Es difícil no sucumbir a la exaltación estética de esas tierras porque el abandono humano no ha mermado su belleza

Es difícil, como reconoce Cerdà, no sucumbir a la exaltación estética de esas tierras porque el abandono humano no ha mermado su belleza, extrañamente es al contrario, hay algo en esa muerte paulatina y no violenta que ha asalvajado el paisaje y una misteriosa expresividad de pintura romántica se revela en las iglesias en ruinas, en los pajares que ya no se usan, en las casas en las que reina el silencio y en las escuelas en las que se consumen comidos por el tiempo los pupitres. Solo los descendientes son capaces de escuchar entre cuatro paredes los ecos de los que ya no están, pero pocos se atreven a entregar toda una vida a la soledad.
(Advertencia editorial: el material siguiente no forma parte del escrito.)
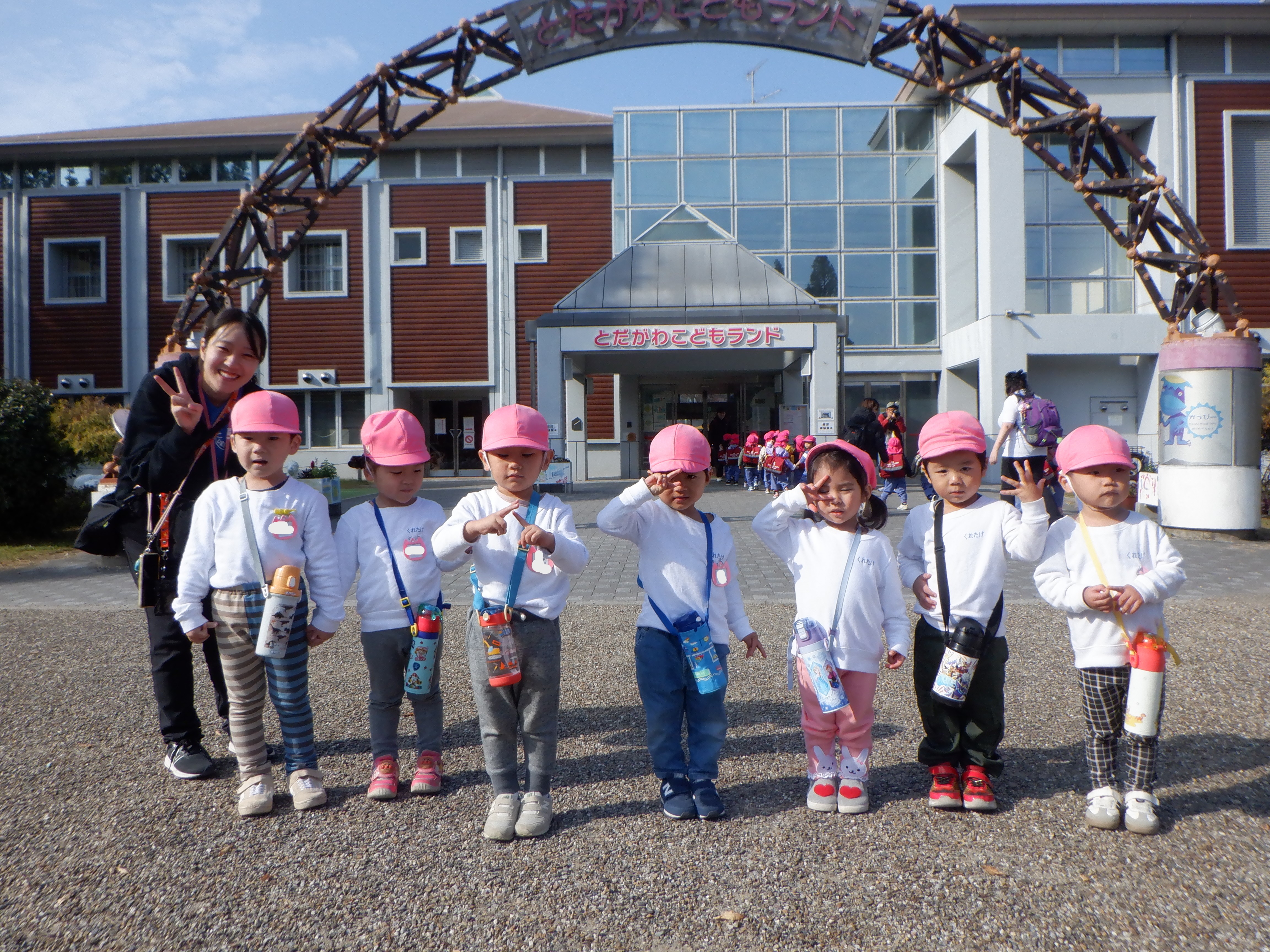 もも組さんだけで、とだがわ子どもランドに遠足に行ってきました!前日までとても寒く、遠足の日は大丈夫かなぁと心配していましたが、当日はなんと快晴☀そのうえとても暖かく遠足日和でした!

Hemos transitado poco lo rural desde un punto de vista artístico, literario o cinematográfico; ahora parece haber una generación esforzada en diseccionar las razones de su vaciamiento. Sergio del Molino bautizó ese espacio como La España Vacía, término que rápidamente hemos incluido en el vocabulario cotidiano, buceando en las raíces literarias que de su suelo brotan; Cerdà lo ha llamado Laponia en esta crónica y Julio Llamazares eligió para aquel pueblo en el que ya solo moraba un habitante el nombre del desparecido Ainielle. Pero antes que ellos anduvo Machado por esos parajes, “¡Oh tierras de Alvargonzález, / en el corazón de España, / tierras pobres, tierras tristes, / tan tristes que tienen alma!”. Estoy segura de que nuestro mayor poeta de la naturaleza alumbra el trabajo de aquellos que escriben sobre este mundo declinante. No sé si sus voces servirán para revertir el proceso, de lo que estoy segura es de que olvidarse de su existencia es acelerar su muerte, y no saben los que no tuvieron un pueblo en la infancia lo que se han perdido. Entre otras cosas, porque en España se ha considerado de segunda categoría contarlo.